(Stored entries)
.....
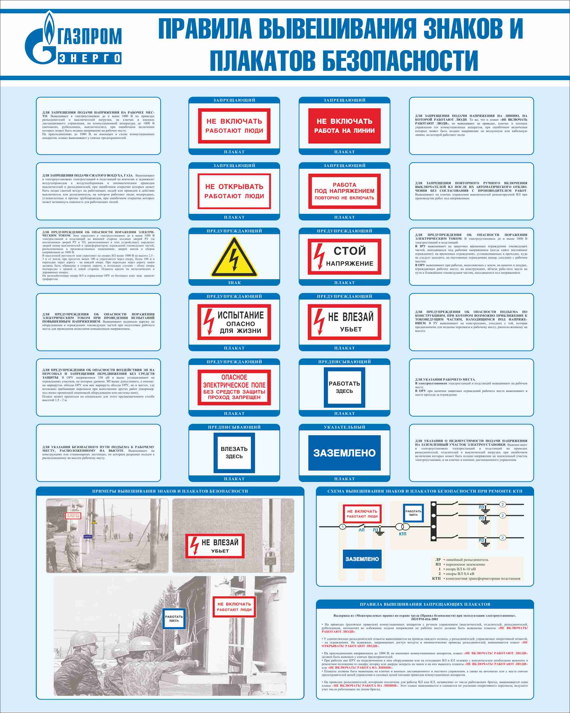 L'utilisation d'équipements de protection est une exigence de sécurité nécessaire, grâce à laquelle la santé des personnes est préservée, le risque de choc électrique est éliminé.Des affiches lumineuses placées aux bons endroits permettent de comprendre rapidement ce qui peut ou ne peut pas être fait, où travailler exactement, quoi faire exactement.
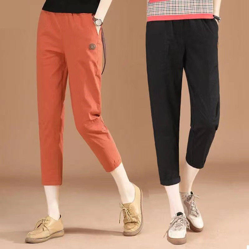 大码 女宽松运动小脚裤 休闲八分中裤 韩版 夏季 显瘦哈伦老爹裤 七分裤
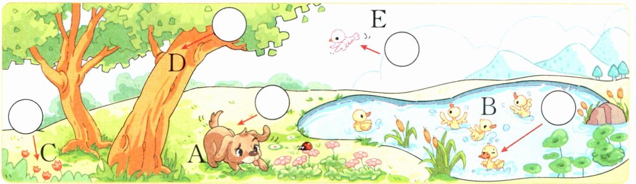 一、听录音,用数字给 Zoey 在公园看到的景色排序。
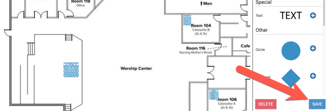 Click "Save" before adding or editing the next shape, text, or icon.
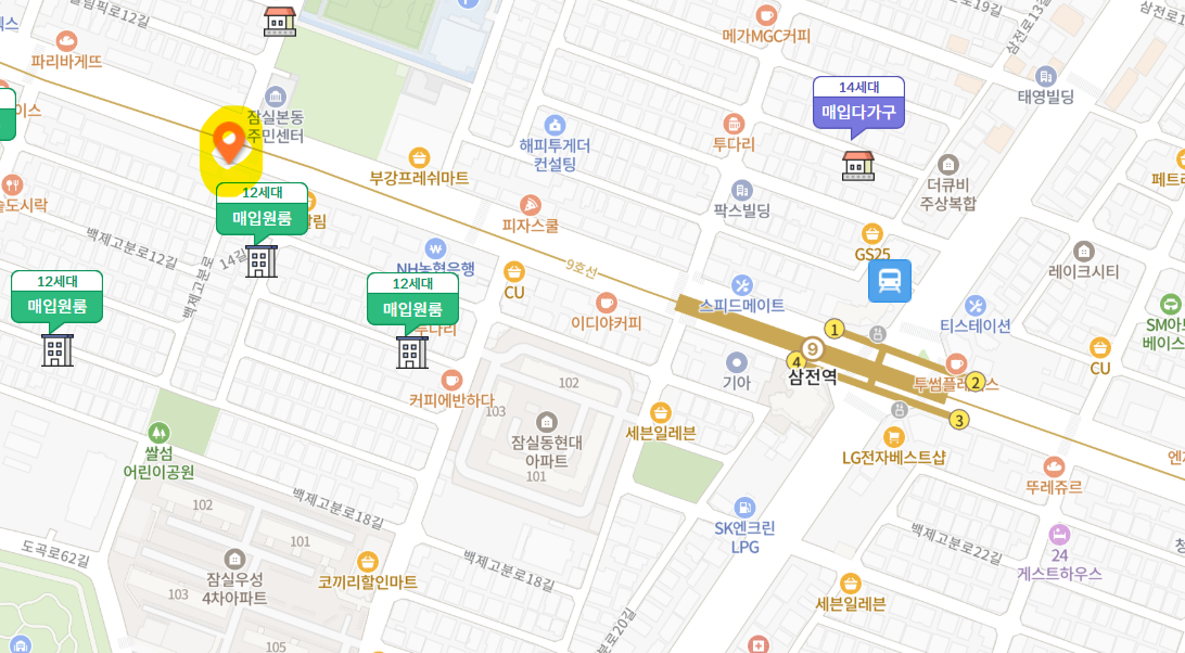 - 삼전역에서 500m 이내에 위치하고 있습니다.
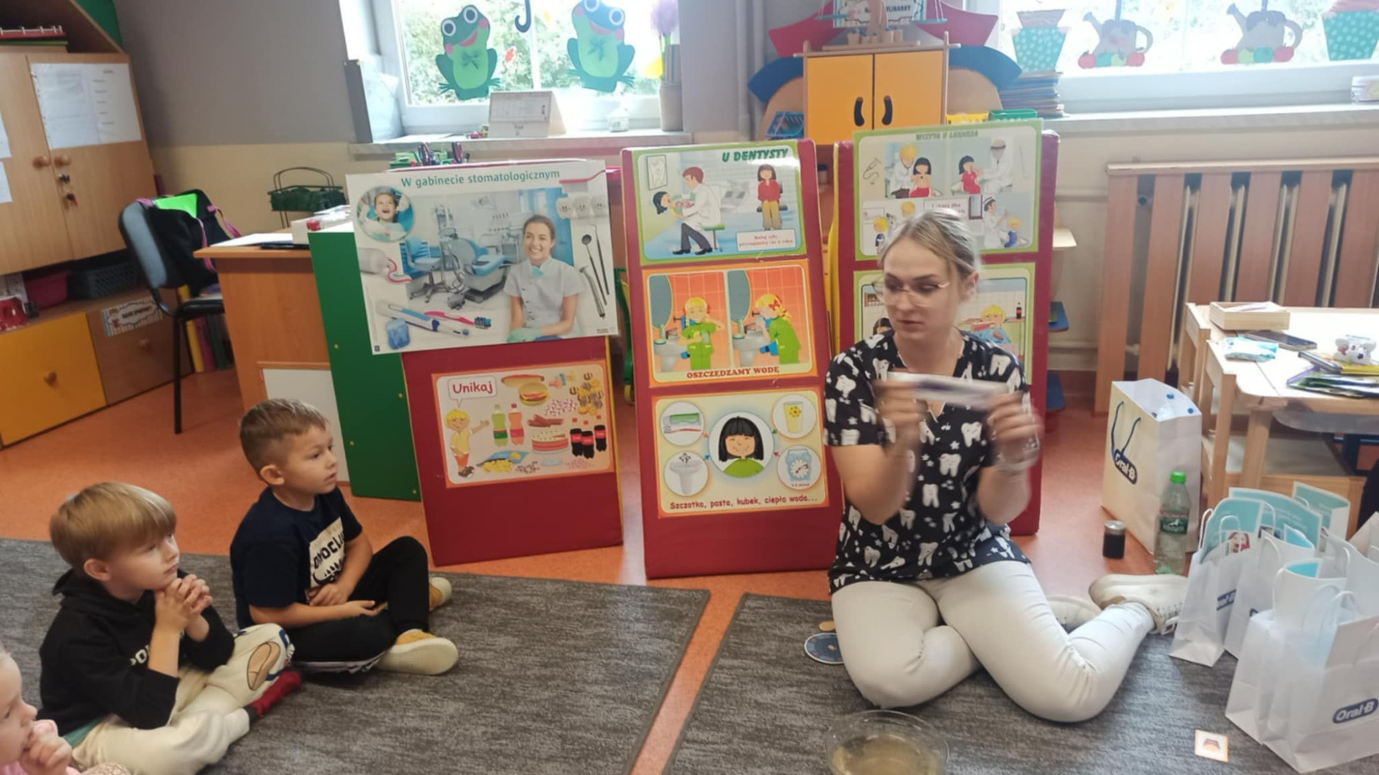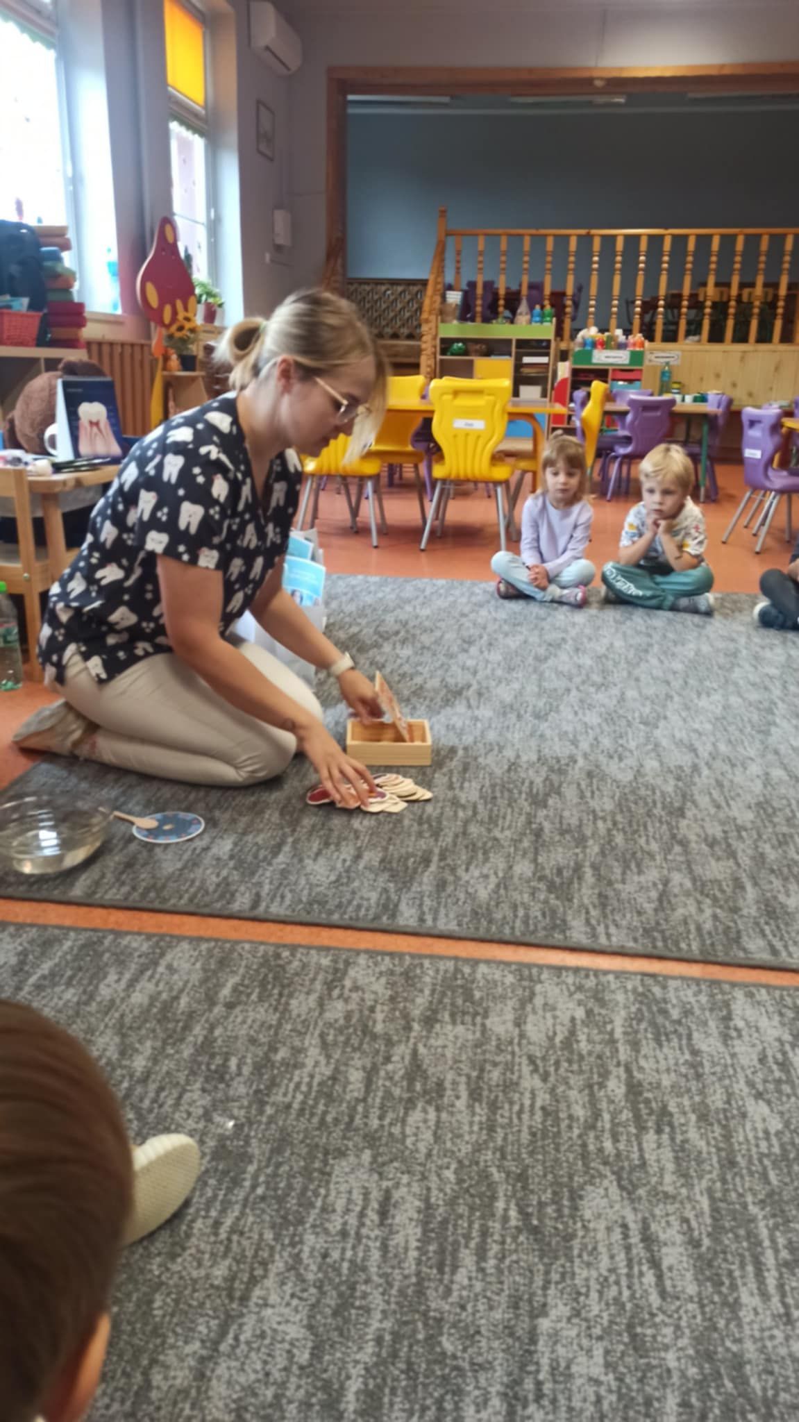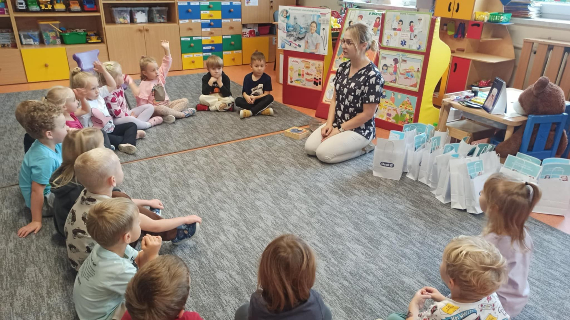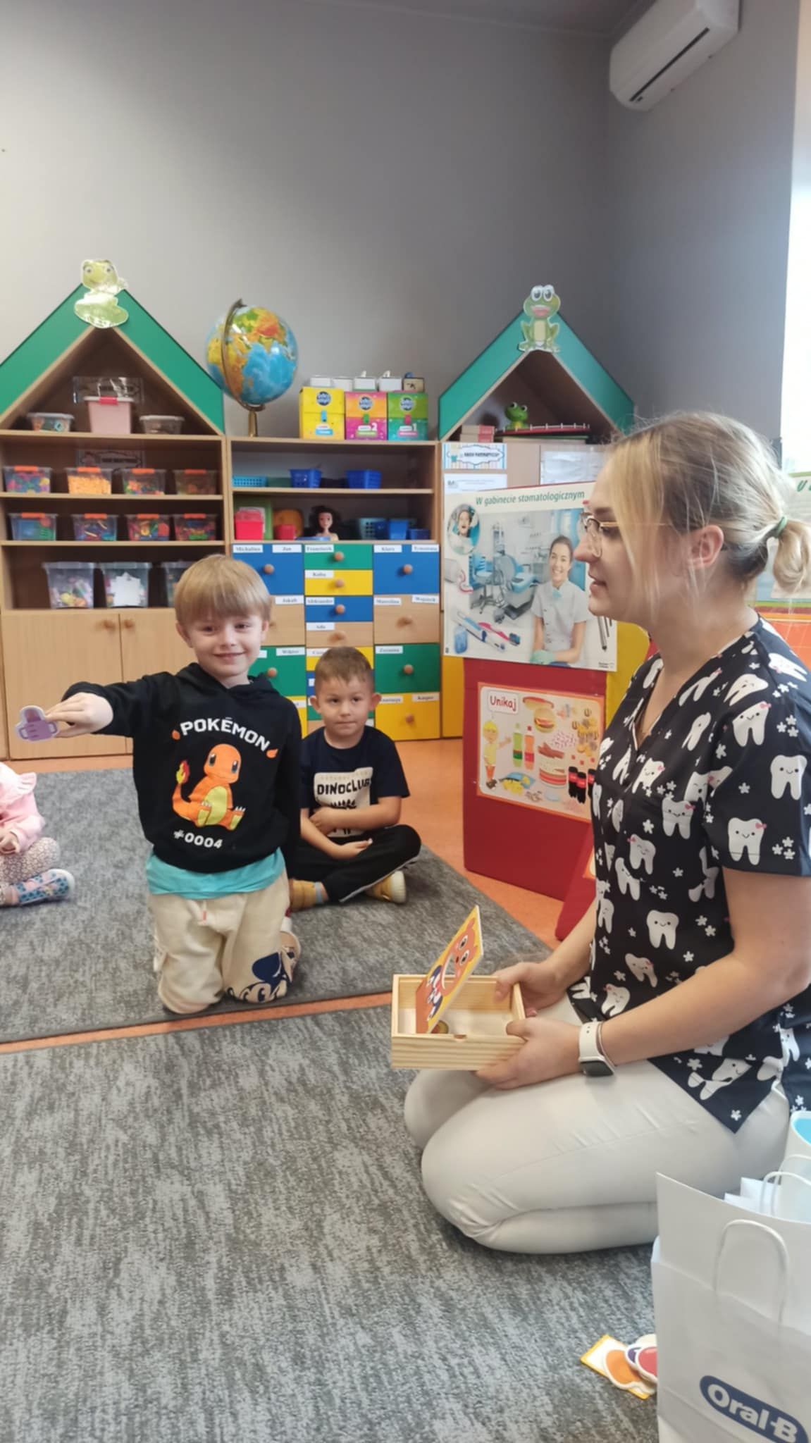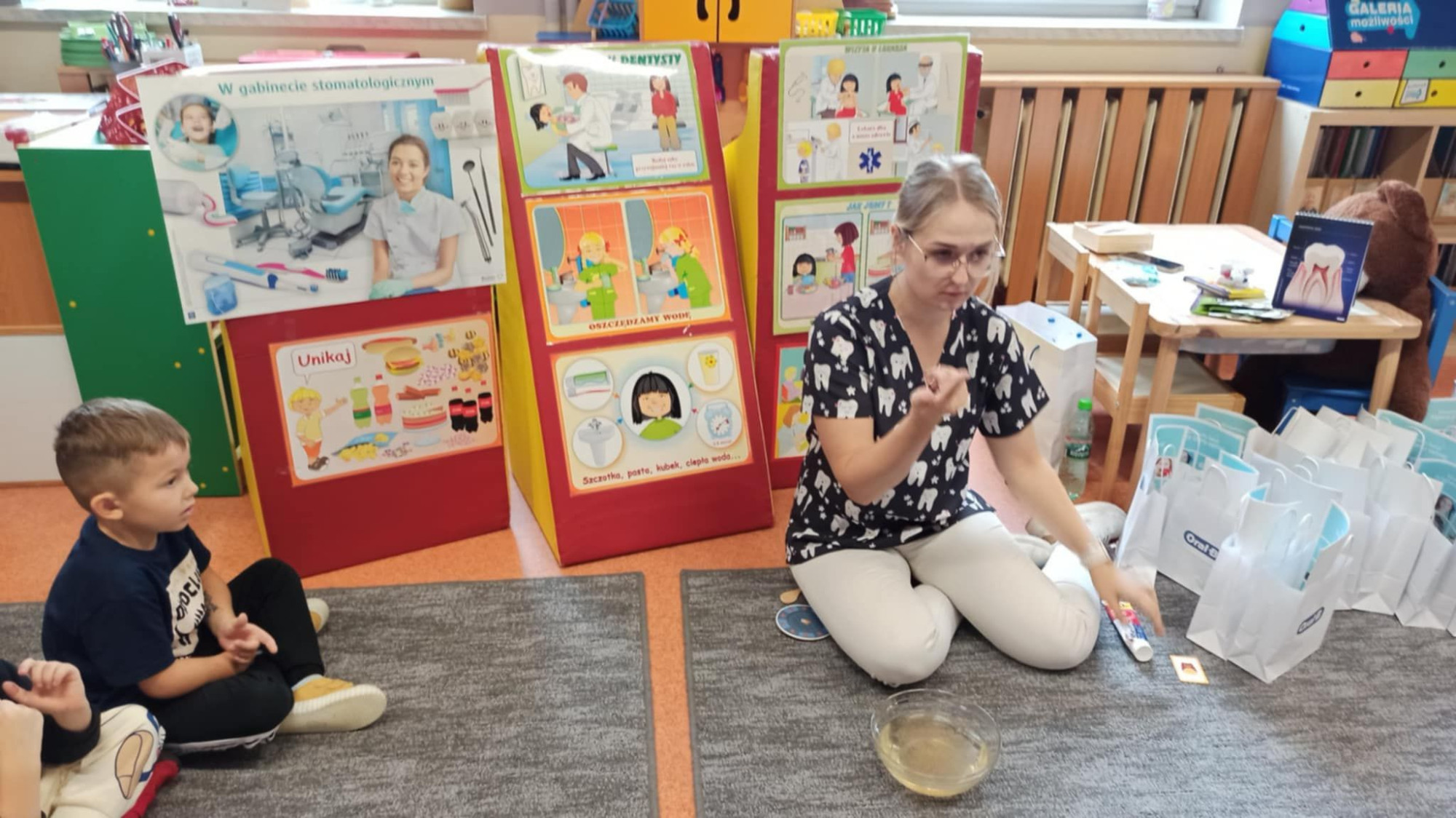W dniu 6 października do naszego przedszkola zawitała Pani Ewa Góralczyk , która jest asystentką stomatologiczną. Pani Ewa opowiedziałóa dzieciom o swojej pracy oraz o tym jak należy dbać o swoje zęby. Serdecznie dziękujemy za wspaniałe warsztaty.
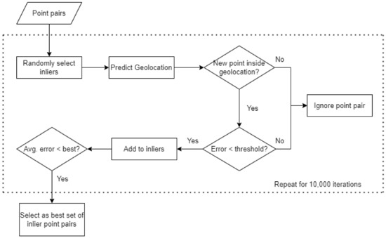 We used a RANSAC-based approach to remove most false-positive coordinate matches. RANSAC is a generic iterative algorithm that can fit a model while still being robust to outliers [22]. Figure 8 gives an overview of the RANSAC-based outlier filtering. First, a set of inlier point pairs was randomly selected from all possible point pairs. Each recognized text label and corresponding pixel location on the raster map was given a 50% probability of being selected. For each selected pixel location, we then randomly chose one of the corresponding geocoordinate matches. This produced a randomized set of point pair inliers. Assuming these inliers were correct, the map geolocation was predicted (see Section 3.6). This geolocation was then used to filter the selection of additional point pairs in the RANSAC algorithm. For each other point pair not initially selected, we performed two checks to decide if these should be added to the set of inliers. First, we checked if the geocoordinates were inside the predicted geolocation. Next, the relative position error (see Section 3.7) was calculated. If the point was inside the geolocation and the error was smaller than a predetermined threshold, we added the point as a candidate inlier. Finally, both the initial inliers and new candidates were used to make a new prediction of the map geolocation and calculate the average relative distance error over all selected point pairs. This entire process was repeated for 10,000 iterations and the set of point pairs with the lowest average error was chosen for further processing.
.....
| WHAT THE EXERCISE ASKS |
Starting with the line above that holds "- 삼전역에서 500m 이내에 위치하고 있습니다.", restate each line word for word up to and including the line that holds "W dniu 6 października". Drop the pictures.

| SOLVED EXERCISE |
 - 삼전역에서 500m 이내에 위치하고 있습니다.
W dniu 6 października do naszego przedszkola zawitała Pani Ewa Góralczyk , która jest asystentką stomatologiczną. Pani Ewa opowiedziałóa dzieciom o swojej pracy oraz o tym jak należy dbać o swoje zęby. Serdecznie dziękujemy za wspaniałe warsztaty.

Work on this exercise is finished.